Curved surface area of a cylinder is `308 cm^2` , and height is 14 cm. What will be the volume of the cylinder?

To find the volume of the cylinder given its curved surface area and height, we can follow these steps: ### Step 1: Understand the formula for the curved surface area of a cylinder. The formula for the curved surface area (CSA) of a cylinder is given by: \[ \text{CSA} = 2\pi r h \] where \( r \) is the radius and \( h \) is the height of the cylinder. ### Step 2: Substitute the given values into the formula. We know the curved surface area (CSA) is \( 308 \, \text{cm}^2 \) and the height \( h \) is \( 14 \, \text{cm} \). Therefore, we can set up the equation: \[ 2\pi r \cdot 14 = 308 \] ### Step 3: Solve for the radius \( r \).

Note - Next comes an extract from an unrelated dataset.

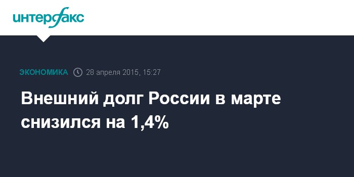 Москва. 28 апреля. INTERFAX.RU – Государственный внешний долг России в марте 2015 года снизился на $0,787 млрд, или на 1,4%, до $53,481 млрд, свидетельствуют данные Минфина.
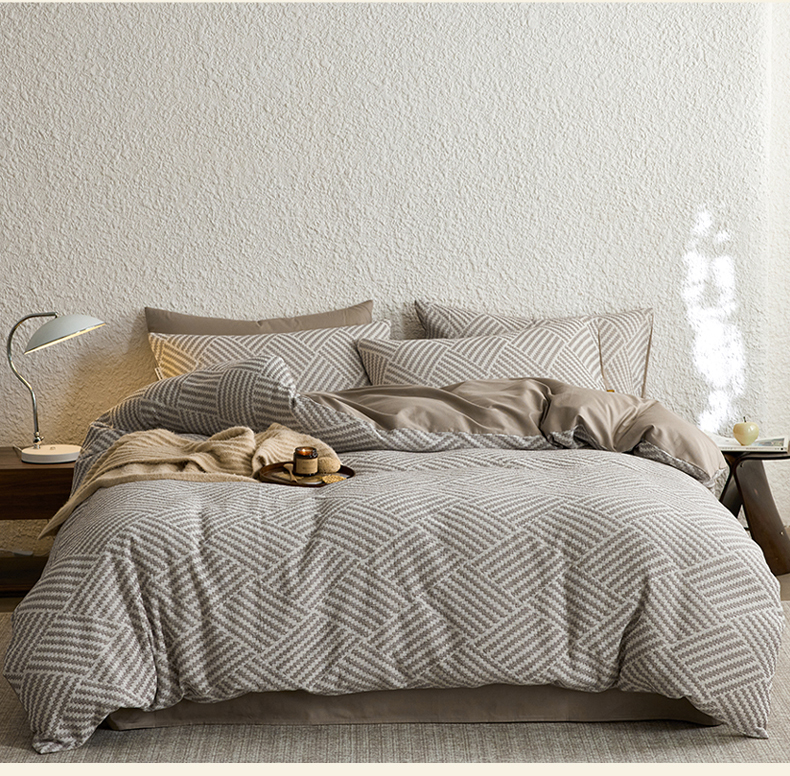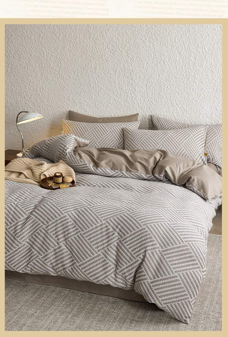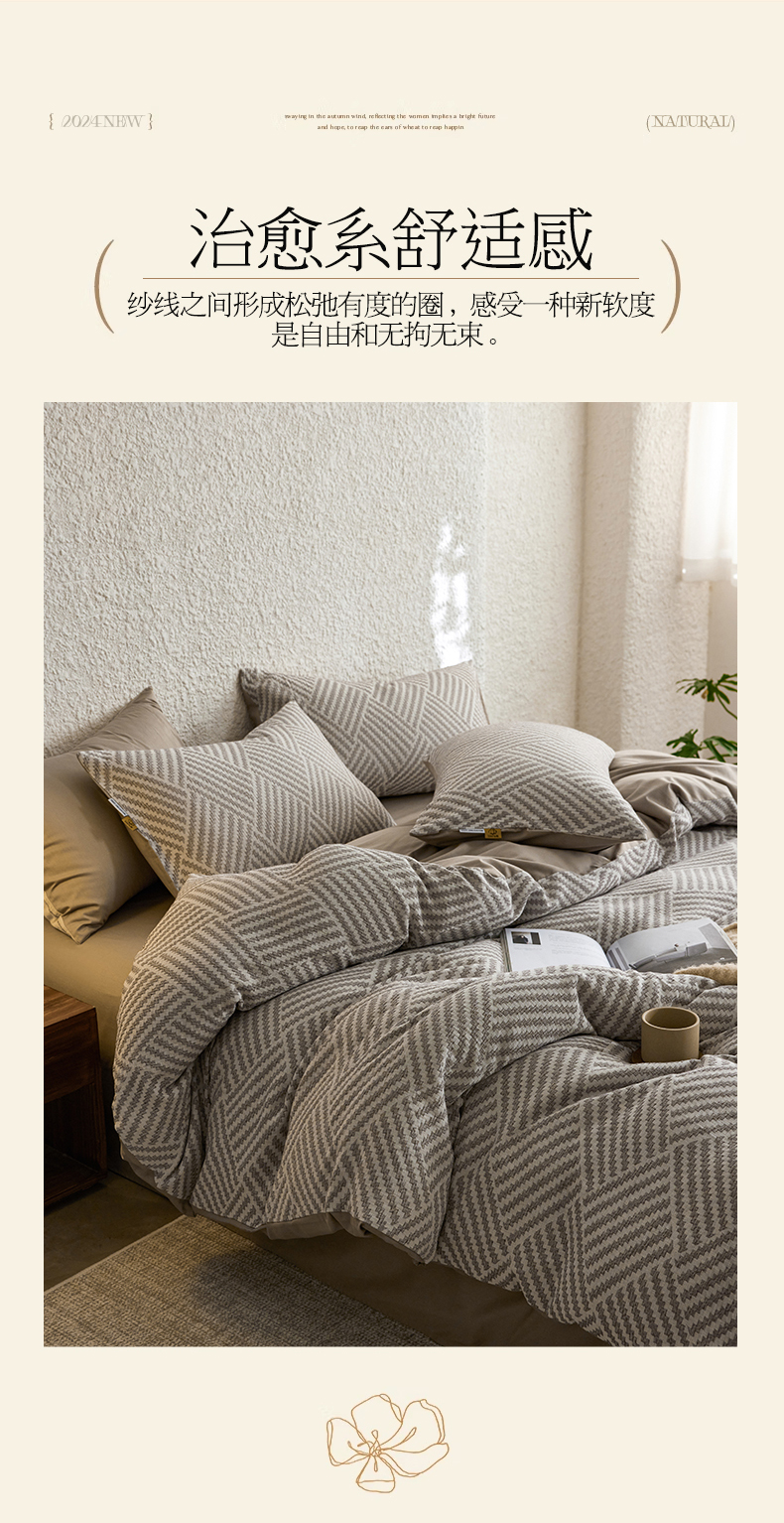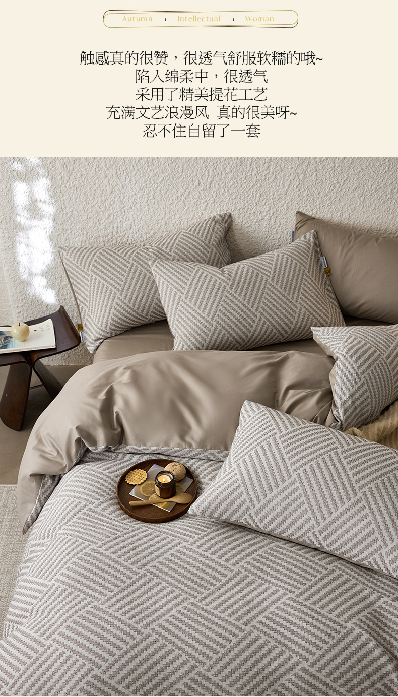 当前位置: 91家纺网 > 商品网购 > 床品套件 > 四件套 > 凯磊家纺 2025新款色织提花双层纱四件套 编织生活-慕斯灰

First, simplify the equation: \[ 28\pi r = 308 \] Now, divide both sides by \( 28\pi \): \[ r = \frac{308}{28\pi} \] Using \( \pi \approx \frac{22}{7} \): \[ r = \frac{308}{28 \times \frac{22}{7}} \] \[ r = \frac{308 \times 7}{28 \times 22} \] \[ r = \frac{2156}{616} \] Now simplify: \[ r = \frac{539}{154} \] \[ r = 3.5 \, \text{cm} \] ### Step 4: Use the radius to find the volume of the cylinder. The formula for the volume \( V \) of a cylinder is: \[ V = \pi r^2 h \] Substituting the values we have: \[ V = \pi (3.5)^2 (14) \] Calculating \( (3.5)^2 \): \[ (3.5)^2 = 12.25 \] Now substitute this back into the volume formula: \[ V = \pi \cdot 12.25 \cdot 14 \] Using \( \pi \approx \frac{22}{7} \): \[ V = \frac{22}{7} \cdot 12.25 \cdot 14 \] Calculating \( 12.25 \cdot 14 \): \[ 12.25 \cdot 14 = 171.5 \] Now substitute: \[ V = \frac{22 \cdot 171.5}{7} \] Calculating \( 22 \cdot 171.5 \): \[ 22 \cdot 171.5 = 3773 \] Now divide by \( 7 \): \[ V = \frac{3773}{7} \approx 539 \, \text{cm}^3 \] ### Final Answer: The volume of the cylinder is \( 539 \, \text{cm}^3 \).